CVPR 2025
No Pains, More Gains: Recycling Sub-Salient Patches for Efficient High-Resolution Image Recognition
Abstract
Over the last decade, many notable methods have emerged to tackle the computational resource challenge of the high resolution image recognition (HRIR). They typically focus on identifying and aggregating a few salient regions for classification, discarding sub-salient areas for low training consumption. Nevertheless, many HRIR tasks necessitate the exploration of wider regions to model objects and contexts, which limits their performance in such scenarios. To address this issue, we present a DBPS strategy to enable training with more patches at low consumption. Specifically, in addition to a fundamental buffer that stores the embeddings of most salient patches, DBPS further employs an auxiliary buffer to recycle those sub-salient ones. To reduce the computational cost associated with gradients of sub-salient patches, these patches are primarily used in the forward pass to provide sufficient information for classification.
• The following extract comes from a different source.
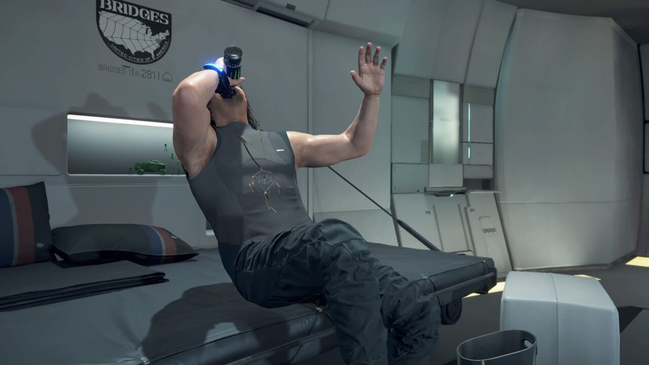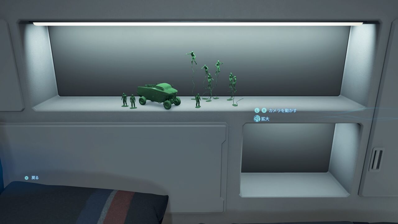 ちなみに小島監督作品らしいお遊び要素も色々とあります。例えばプライベートルームではシャワーを浴びたり、排泄したり、フィギュアを眺めたり、音楽を聴いたり・・・なんてことも

Meanwhile, only the gradients of the salient patches are back-propagated to update the entire network. Moreover, we design a Multiple Instance Learning (MIL) architecture that leverages aggregated information from salient patches to filter out uninformative background within subsalient patches for better accuracy. Besides, we introduce the random patch drop to accelerate training process and uncover informative regions. Experiment results demonstrate the superiority of our method in terms of both accuracy and training consumption against other advanced methods.
Framework
Experiment
Conclusion
In this paper, we propose the dual-buffer patch selection (DBPS) method to increase the number of image patches used in training HRIR models while keeping computational resource consumption at a low level. To suppress the uninformative background information in the sub-salient image patches, we devise a dual-attention MIL architecture to generate a salient query for aggregating sub-salient patch embeddings. Additionally, we introduce an efficient random patch drop training strategy to uncover informative image regions while reducing both the training time and GPU memory usage. Experimental results demonstrate the effectiveness of our approach in terms of accuracy and training consumption across various HRIR tasks and datasets.